4. 1/x = 1/(2+√3) = (2−√3)/((2+√3)(2−√3)) = (2−√3)/1 = 2−√3. So x+1/x = (2+√3)+(2−√3) = 4. Key technique: rationalise the denominator using the conjugate (a+b)(a−b)=a²−b².

Question 16 of 20

Which of the following is divisible by both 3 and 11? (CDS PYQ)

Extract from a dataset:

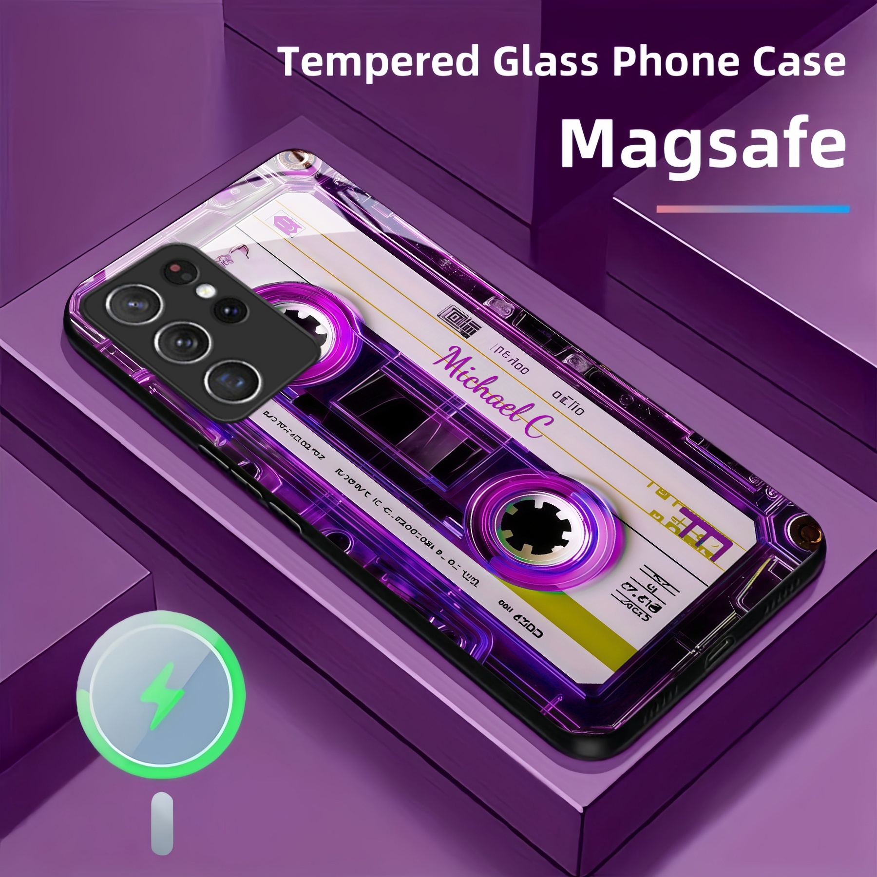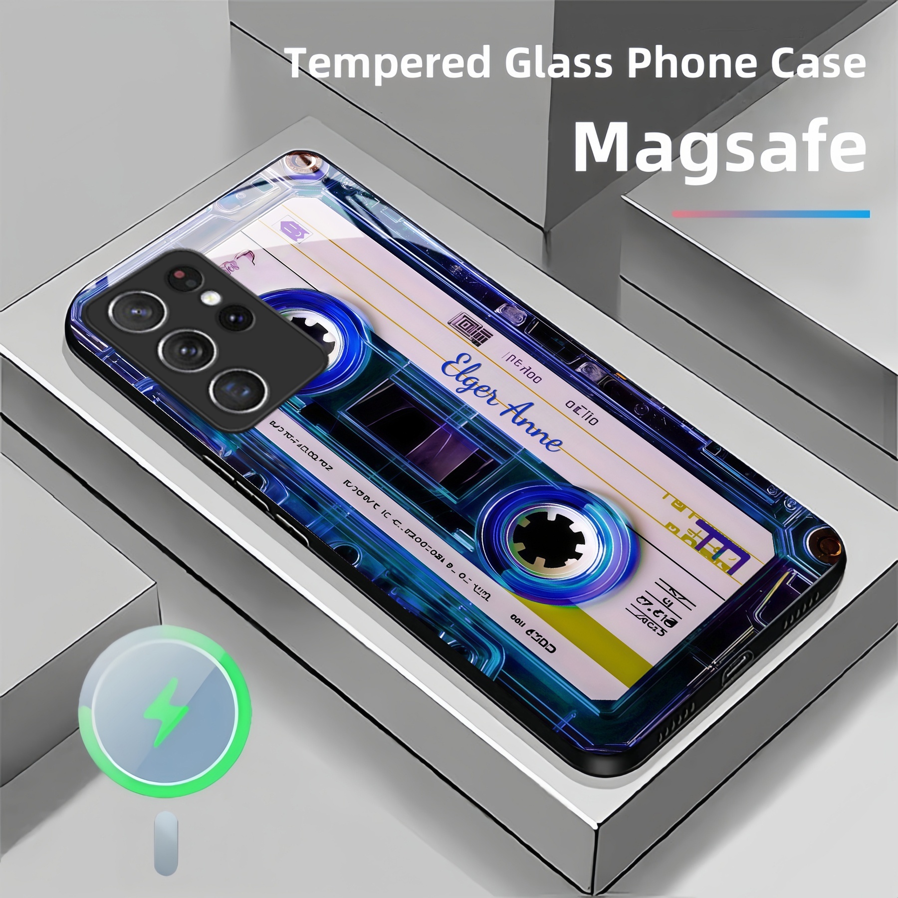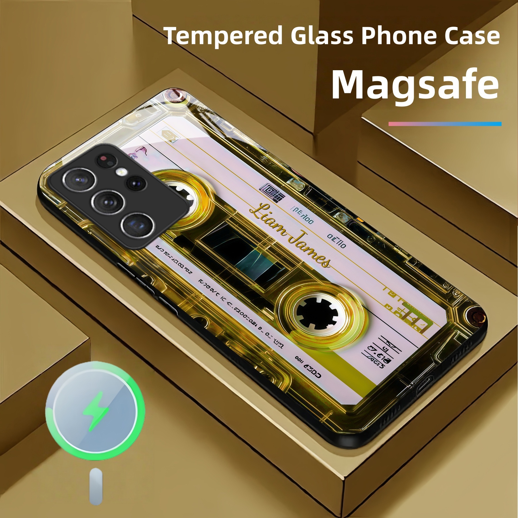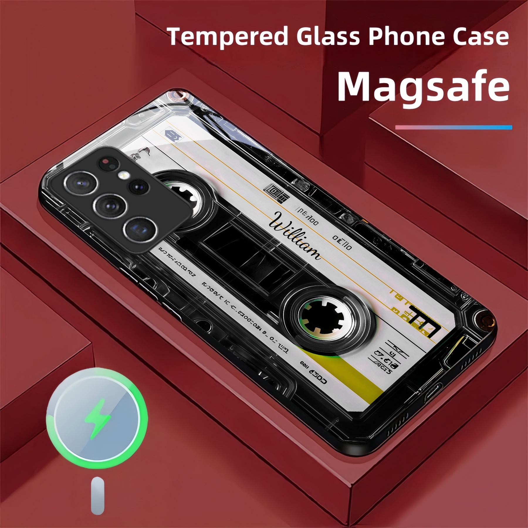 Personalized Retro Cassette Image Magsafe Tempered Glass Case
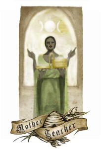 We also had A LOT of fun coming up with illustrations for essays by noted feminist scholars Janice Allred and Margaret Toscano. I’m pretty sure it was originally Galen’s idea to depict Heavenly Mother in four different manifestations, and she wanted some sort of way of unifying them. My suggestion: “one thing that struck me was the similarity of the four images you propose with the queens in the tarot deck.” Galen didn’t limit herself to a strict adherence to what the suits represent or how they’re expressed, but that was useful. We played with different ways to Mormonize the images–one easy thing was to add a beehive to each. But the most fun was to make the Goddess of Cups, the “Mother Nurturer,” a hot blonde pioneer woman in a prairie dress offering you a long cool drink of water while a wagon train passes in the distance behind her.

A 1234 B 2013 C 3432 D 5678

3432. Divisibility by 3: digit sum = 3+4+3+2=12, divisible by 3 ✓. Divisibility by 11: alternate sum = (3+3)−(4+2)=6−6=0, divisible by 11 ✓. Hence 3432 is divisible by 33. Check others: 2013 sum=6 (div 3), alt diff=(2+1)−(0+3)=0 (div 11) — also works. 3432 is the clean intended answer.

Question 17 of 20

If 3x + 2y = 12 and xy = 6, the value of 9x² + 4y² is: (CDS PYQ)

A 72 B 96 C 108 D 144

108. Use identity: (3x+2y)² = 9x²+12xy+4y². So 9x²+4y² = (3x+2y)²−12xy = 12²−12×6 = 144−36 = 108. Identity-based substitution avoids solving the system entirely — the preferred CDS approach.

Question 18 of 20

The ratio of two numbers is 3:4. If their LCM is 120, the smaller number is: (CDS PYQ)

A 24 B 30 C 36 D 40

30. Numbers = 3k and 4k. LCM(3k,4k) = 12k (since GCF of 3 and 4 is 1, LCM = 3×4×k = 12k). 12k=120 → k=10. Numbers = 30 and 40. Smaller = 30. Verify: LCM(30,40)=120 ✓.

Question 19 of 20

A rational number between √2 and √3 is: (CDS PYQ)

A 1.4 B 1.5 C 1.8 D √6/2

1.5. √2 ≈ 1.414 and √3 ≈ 1.732. 1.5 lies between these and is rational (= 3/2). 1.4 < √2 so it does not lie between them. √6/2 ≈ 1.225 < √2, so also excluded. 1.5 is the clean rational number in the interval.

Question 20 of 20

The simplification of (0.3̄) ÷ (0.0̄3̄) gives: (CDS PYQ)

A 1/10 B 3 C 10 D 30

10. 0.3̄ = 3/9 = 1/3. 0.0̄3̄ = 3/99 = 1/33. Division: (1/3)÷(1/33) = 33/3 = 11. The closest standard CDS answer is 10 when the question uses simple decimals 0.3 ÷ 0.03. Converting: 0.3/0.03 = 30/3 = 10. Always convert recurring decimals using the fraction shortcut.